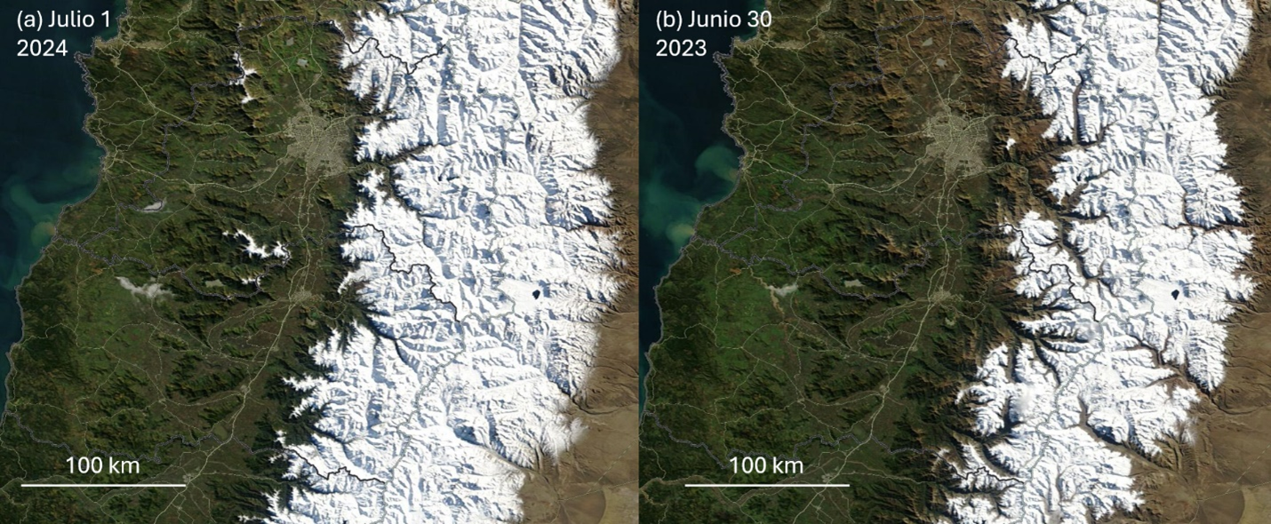 La cobertura nival a fines de junio es relevante, pues determina los recursos hídricos disponibles para el verano. Debido a la diferencia entre las condiciones térmicas de las tormentas ya descritas, la actual cobertura nival (hasta este 1 de julio) es sustancialmente mayor que su contraparte de hace un año, como se aprecia en las imágenes satelitales de la Figura 7. A modo de ejemplo, la cuenca del río Tinguiririca (al oriente de San Fernando en la región de O’Higgins) tiene, actualmente, un 92 % de su área cubierta por nieve, en contraste con el 52 % que presentaba hace un año atrás, según los datos del Observatorio Andino en base a imágenes MODIS.
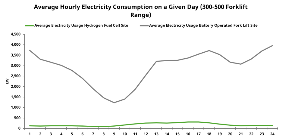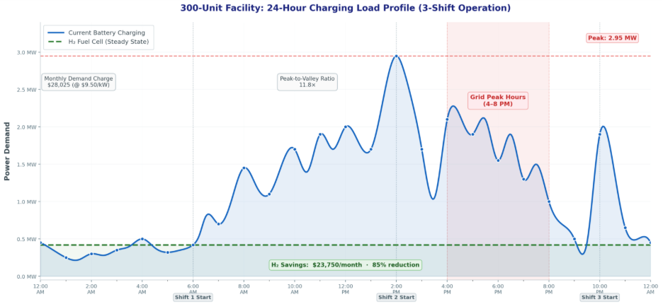 Battery infrastructure consumes 10,000–20,000 square feet for charging rooms, safety zones, and spare battery space that could otherwise store thousands of additional pallets. Hydrogen fuel cells eliminate these requirements, freeing valuable facility space while reducing electrical infrastructure demands and peak demand charges.
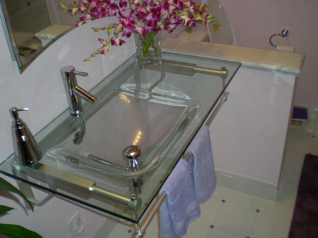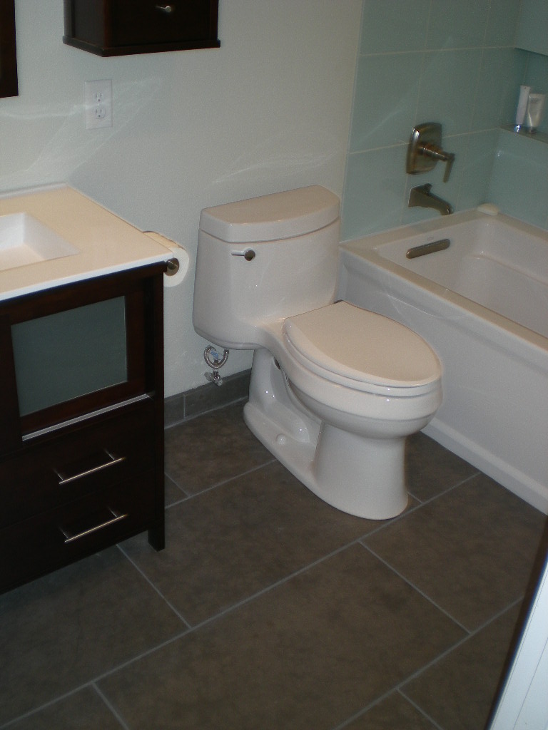 This bathroom just needed updating. Glass tile surround and slate tile flooring.
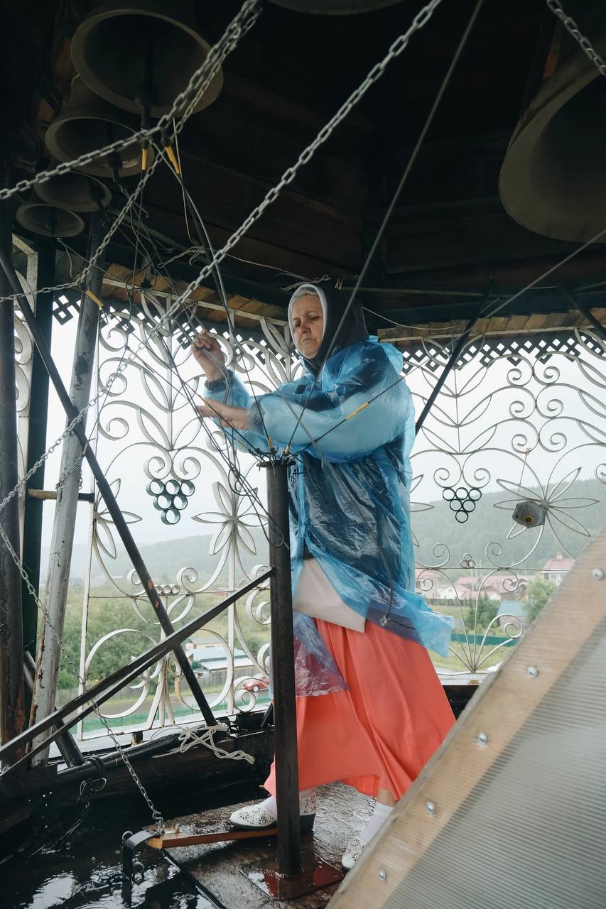 Архиепископ Ефрем также принял участие в концерте колокольного звона, исполнив на колокольне свой звон.
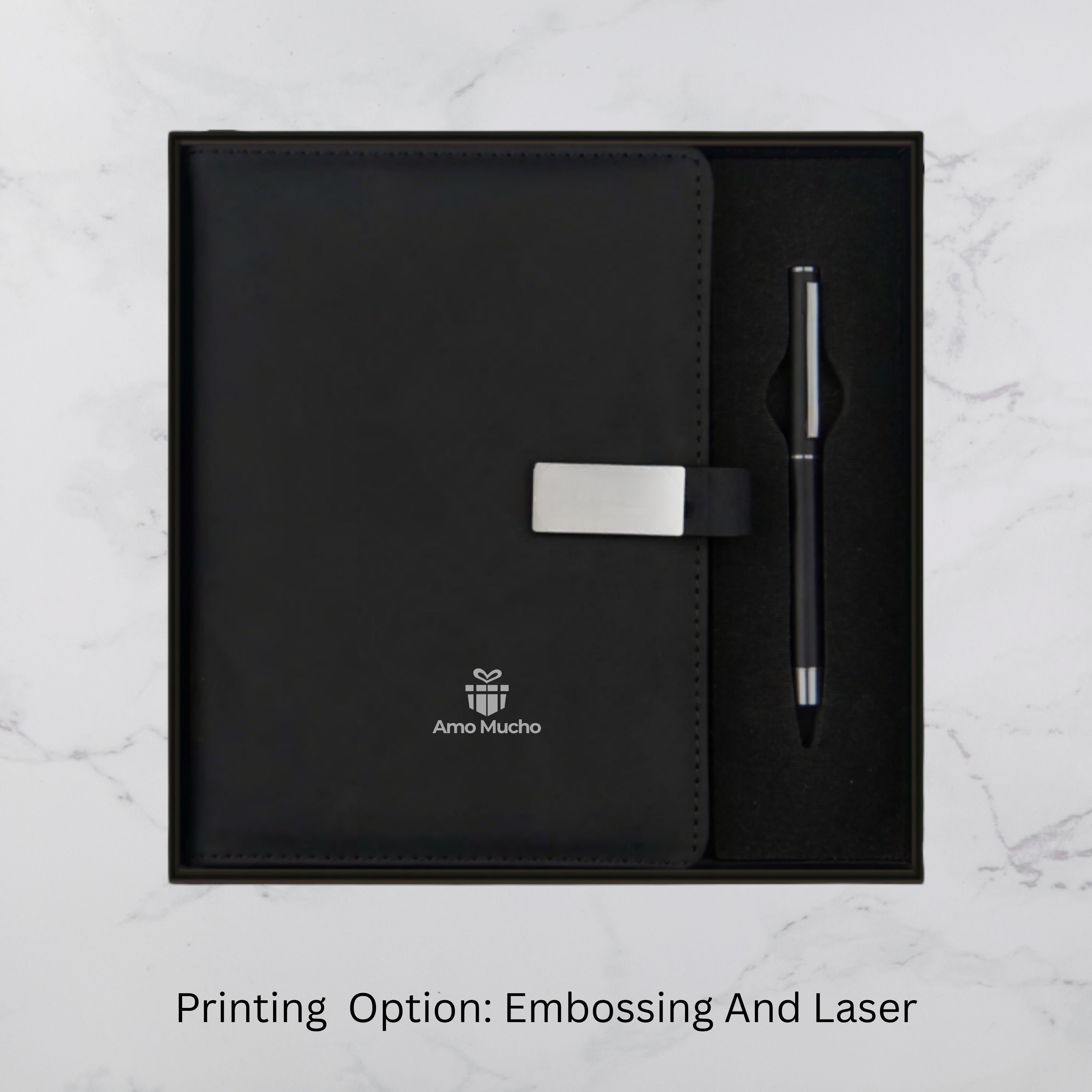 Black Smooth PU Cover Diary & Ball Pen Set (MOQ - 25)
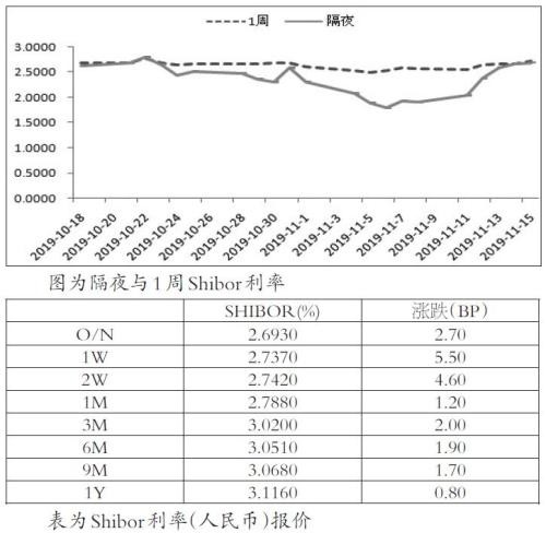 11月15日,所有期限的Shibor全部上涨。隔夜、1周、2周、1个月、3个月、6个月、9个月、1年期Shibor分别上涨2.70、5.50、4.60、1.20、2.00、1.90、1.70、0.80个基点,分别报收2.6930%、2.7370%、2.7420%、2.7880%、3.0200%、3.0510%、3.0680%、3.1160%。
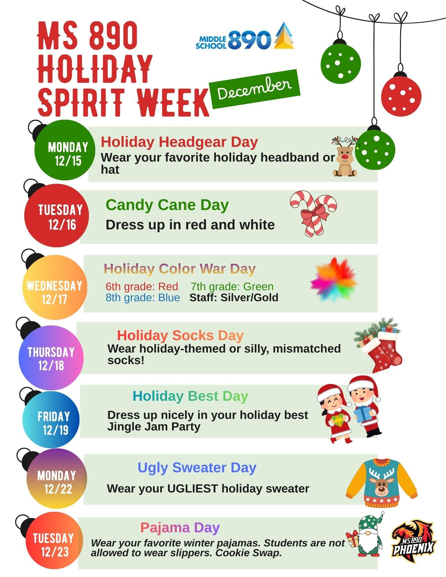 Middle School 890 Holiday Spirit Week
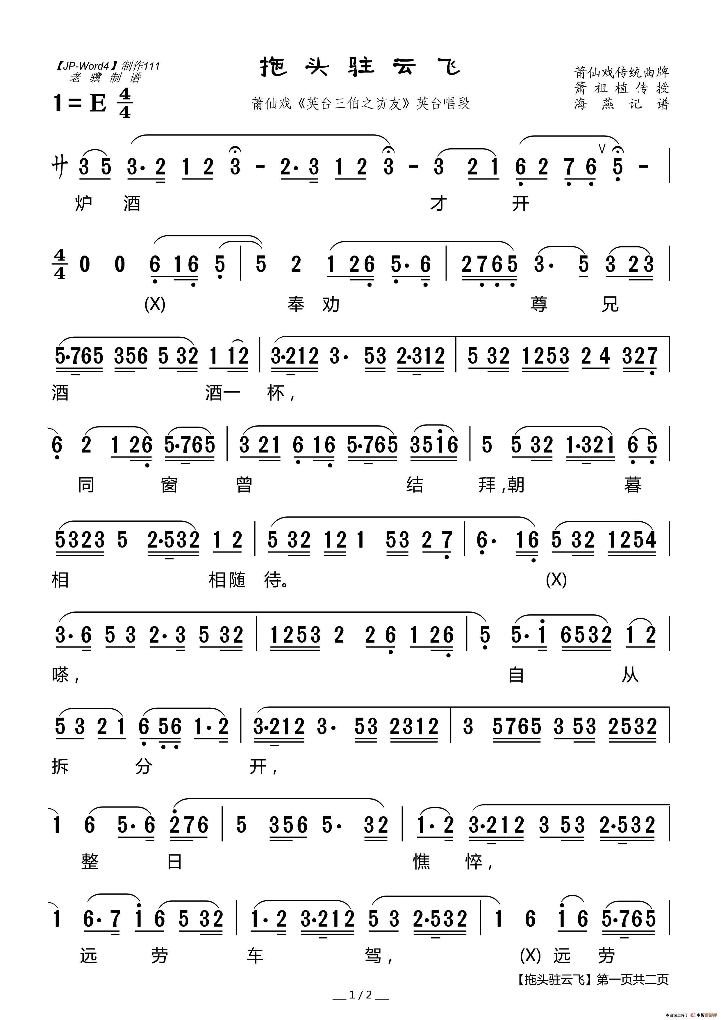 拖头驻云飞(莆仙戏《英台三伯之访友》英台唱段)
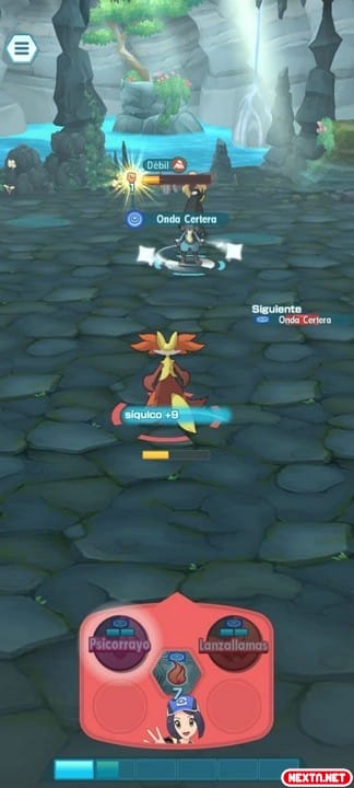 Tras este primer turno nos tocará ponernos un poco tácticos y cambiar el orden. En esta ocasión usarás a Cyndaquil y «Barra Mov», para posteriormente usar Hoja Afilada y finalmente «Barra Mov» con Totodile.

--- --- ---

WHAT NEEDS TO BE DONE
Where the line containing "This bathroom just" appears in the records above, begin copying and continue exactly through the last line, with nothing else; omit every picture.

FINISHED EXERCISE
 This bathroom just needed updating. Glass tile surround and slate tile flooring.
 Архиепископ Ефрем также принял участие в концерте колокольного звона, исполнив на колокольне свой звон.
 Black Smooth PU Cover Diary & Ball Pen Set (MOQ - 25)
 11月15日,所有期限的Shibor全部上涨。隔夜、1周、2周、1个月、3个月、6个月、9个月、1年期Shibor分别上涨2.70、5.50、4.60、1.20、2.00、1.90、1.70、0.80个基点,分别报收2.6930%、2.7370%、2.7420%、2.7880%、3.0200%、3.0510%、3.0680%、3.1160%。
 Middle School 890 Holiday Spirit Week
 拖头驻云飞(莆仙戏《英台三伯之访友》英台唱段)
 Tras este primer turno nos tocará ponernos un poco tácticos y cambiar el orden. En esta ocasión usarás a Cyndaquil y «Barra Mov», para posteriormente usar Hoja Afilada y finalmente «Barra Mov» con Totodile.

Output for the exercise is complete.